If you increase the frequency in a large step at once, your motherboard may not boot at all and you may need to reset the BIOS using the jumper on the motherboard.

To avoid that, it is always suggested that you increase the frequency in small steps. Then, you will be able to boot into windows. The failure will manifest itself as a program crashing in windows. So, you will not have to reset the BIOS. You just go back into the BIOS and reduce the frequency a little bit.
 
Originally posted by: Smartazz
This is weird, super pi and Prime 95 is having error after error even at stock volts.

Stock speed also? If you are overclocked, turn it down. And I usually use 5Mhz increments on my HTT when overclocking my 3800 X2.
 
No problem with Prime95!

If this is a system that you just put together, you need to set up the BIOS properly. Sometimes, default settings are not the best for the components you have. For example, your memory timings may be wrong. Your memory may require a higher voltage than the default etc.
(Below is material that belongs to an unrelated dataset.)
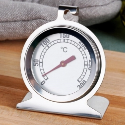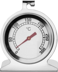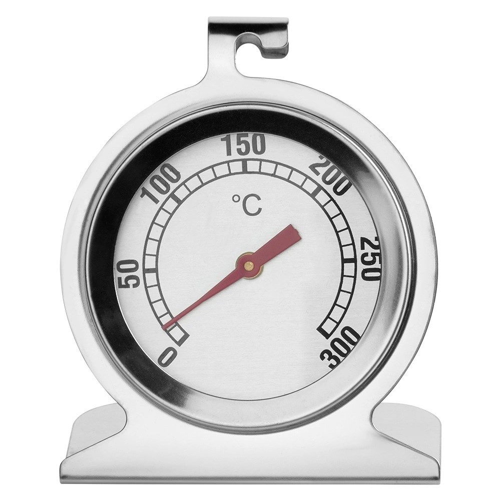 Pouzdan termometar za pećnicu i dimilicu od nehrđajućeg čelika za precizno praćenje temperature pri pečenju i dimljenju. Nudi širok raspon 0–300 °C, čitljivu skalu po 10 °C, stabilnu bazu i praktičnu kukicu za vješanje. Izdržljiva izvedba od nehrđajućeg čelika i staklo otporno na visoke temperature sigurna je za kontakt s hranom i lako se čisti.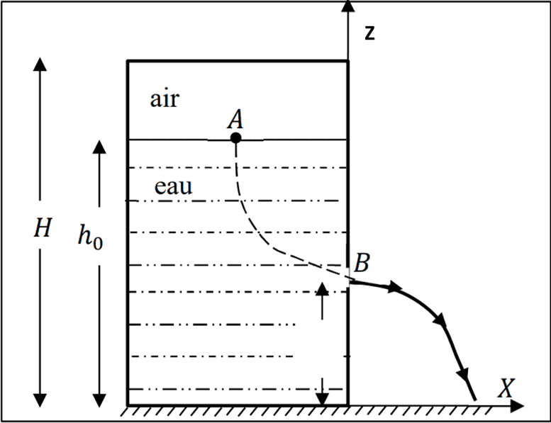 Here is my problem: "We have a closed tank of large size which contains a liquid topped by air at a pressure equal to the atmospheric pressure. If the tank is closed, as the water flows out, the volume of air above the free surface increases, so the pressure decreases (law of perfect gases). We seek to find the pressure variation (𝛥P) at the surface of the water in the tank as a function of the z axis (whose origin is at B) and to give the expression of v (the flow velocity) as a function of z."

What is your system detail?
 
Originally posted by: Navid
No problem with Prime95!

If this is a system that you just put together, you need to set up the BIOS properly. Sometimes, default settings are not the best for the components you have. For example, your memory timings may be wrong. Your memory may require a higher voltage than the default etc.

What is your system detail?

Hold on, I'll put it in my sig when I get back, but I have an M2N-E so the max voltage for ram is 1.95, memory timings are slower than normal, I set my components back to stock to see if that helps.
 
Sorry man, the M2N-E is horrible for OCing. I built a system with the same board, headache after headache.

Try putting everything at stock, then running memtest 386+.

If it gives you errors, go into bios and up the voltage for your memory a bit. It's kinda weird how the M2N-E works.
 
Everything is at stock, it's been stable for a while now, inspire was able to get his X2 3800+ to 2.8GHZ on this board, maybe I need better cooling. Does 800MHZ make a big diffrence?
 
I have found that you do have to increase in small increments, but I couldn't give you an explaination as to why... if anyone can i'd appreciate it.